◆ **How to complete this task**: Nothing but the lines from the one containing "- Техніка складання" through the one containing "Więcej informacji w", both included, should be given again, each exactly as written below.

◆ **Data extract**:
- - -
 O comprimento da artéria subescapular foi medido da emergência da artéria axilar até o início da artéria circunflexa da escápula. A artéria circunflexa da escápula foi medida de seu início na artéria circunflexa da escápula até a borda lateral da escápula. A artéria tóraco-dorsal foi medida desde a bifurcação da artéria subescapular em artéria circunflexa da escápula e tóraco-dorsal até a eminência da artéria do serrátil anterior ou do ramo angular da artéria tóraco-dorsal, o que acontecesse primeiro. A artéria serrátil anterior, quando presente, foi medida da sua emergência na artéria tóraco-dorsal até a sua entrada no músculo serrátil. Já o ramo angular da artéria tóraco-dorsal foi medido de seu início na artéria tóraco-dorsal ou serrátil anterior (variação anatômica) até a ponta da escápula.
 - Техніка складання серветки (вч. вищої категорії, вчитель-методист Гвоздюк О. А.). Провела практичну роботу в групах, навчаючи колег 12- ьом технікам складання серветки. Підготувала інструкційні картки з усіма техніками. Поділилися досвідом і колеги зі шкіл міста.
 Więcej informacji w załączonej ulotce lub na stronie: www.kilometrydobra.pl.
- - -
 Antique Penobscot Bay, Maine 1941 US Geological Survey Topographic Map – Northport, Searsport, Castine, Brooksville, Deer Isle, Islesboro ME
- - -
◆ **Your response**:
 - Техніка складання серветки (вч. вищої категорії, вчитель-методист Гвоздюк О. А.). Провела практичну роботу в групах, навчаючи колег 12- ьом технікам складання серветки. Підготувала інструкційні картки з усіма техніками. Поділилися досвідом і колеги зі шкіл міста.
 Więcej informacji w załączonej ulotce lub na stronie: www.kilometrydobra.pl.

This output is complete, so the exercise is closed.